GitHub - eduly-ai/eduly: Manim Coding Agent
Service

GitHub - eduly-ai/eduly: Manim Coding Agent

eduly-ai
2026.01.19
·GitHub·by 이호민
#LLM#Agent#Manim#AI#Education

Key Points

  • 1Eduly is an open-source Manim Coding Agent, powered by Gemini 2.5 and LangChain, designed to transform various content types into engaging 3Blue1Brown-style animated educational videos.
  • 2Its core functionality involves a three-stage pipeline that breaks down content into atomic topics, generates visual storyboards, and then employs an iterative Manim animation agent to produce the final videos.
  • 3Eduly aims to improve understanding by providing visual explanations for complex concepts, serving diverse users from students and educators to researchers and enterprises, and believes in accessible, free learning tools.

Eduly is an open-source Manim Coding Agent designed to transform various content types into visually compelling, 3Blue1Brown-style animated educational explanations. It addresses the challenge of abstract concepts being difficult to grasp from static text by converting them into dynamic visualizations. The system is built upon Gemini 2.5 and LangChain.

Its primary use cases span students (converting PDFs/notes into explainer videos), educators (animating PowerPoint slides), researchers (visualizing academic papers), content creators (production-ready animations from scripts), enterprise (visual explainers for training), and open-source projects (animated onboarding guides for technical documentation).

The core methodology of Eduly operates through a three-stage pipeline:

  1. Document Breakdown: The EdulyBreakdownClient, leveraging a Gemini model (e.g., gemini-2.5-flash-preview) in conjunction with Google Search capabilities, processes input content such as PDFs. Its objective is to deconstruct the document into atomic, self-contained topics, each suitable for a ~5-minute video. For each identified topic, it generates a comprehensive explanation, incorporates modern context, and distills key takeaways. The output is a structured Breakdown object containing document_title and a list of Topic objects, each with a name.
  1. Storyboard Generation: For each atomic topic identified in the breakdown phase, the EdulyBreakdownClient generates a detailed visual storyboard. This stage aims to create a narrative structure aligned with the 3Blue1Brown aesthetic. Key elements of each storyboard include:
    • Defining a core visual metaphor to intuitively represent the concept.
    • Structuring 8-15 distinct scenes with precise visual descriptions for each.
    • Crafting narration optimized for text-to-speech synthesis.
    • Including concrete examples, often with specific numerical values, to ground abstract ideas.
The output is a Storyboard object for each topic.

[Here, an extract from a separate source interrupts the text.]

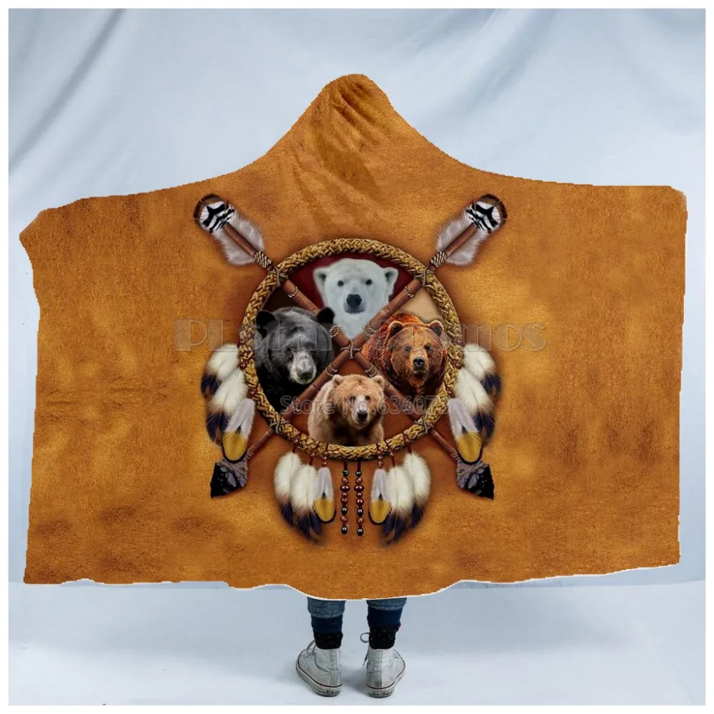 Product Name: Plstar universo oso tótem indio nativo con capucha manta 3D impresión completa cobija vestible adultos hombres mujeres estilo 9

  1. Manim Animation Agent (Iterative Refinement): The EdulyAnimationClient, powered by a LangChain integration with ChatGoogleGenerativeAI (specifically, gemini-2.5-pro-preview), acts as an iterative coding agent responsible for generating the Manim animation code from the storyboards. This stage operates within a continuous feedback loop:
    • Prompting: The agent receives the generated storyboard with full contextual information.
    • LLM Code Generation: The underlying Large Language Model (LLM) generates Manim scene classes based on the storyboard instructions.
    • Manim Agent Execution: The generated Manim code is then executed. The agent has access to several tools for interacting with the file system and documentation, including ls, glob, grep, read_file, edit_file, and write_file. Crucially, it has access to the full Manim documentation, enabling it to research and utilize Manim functionalities effectively.
    • Rendering: The Manim code is rendered into a video.
    • Success Check & Iteration: If the rendering is successful, the process for that topic is complete, yielding an MP4 video (1080x1920 resolution, optimized for mobile). If rendering fails, the error message is fed back to the LLM as "error feedback," prompting the agent to iteratively refine its Manim code until successful generation or a maximum iteration limit is reached (e.g., maxiterations=5max_iterations = 5). This iterative self-correction mechanism is central to the agent's ability to produce robust animations.

The resultant MP4 videos are designed to be mobile-ready. Future roadmap plans include integrating text-to-speech APIs for narration, developing a mobile-first web platform, implementing multimodal feedback loops using vision-language models for quality assessment, and creating an RL environment to train specialized Manim animators. Eduly is distributed under the CC-BY-NC-SA-4.0 license, emphasizing its open-source and non-commercial usage for broader accessibility of knowledge.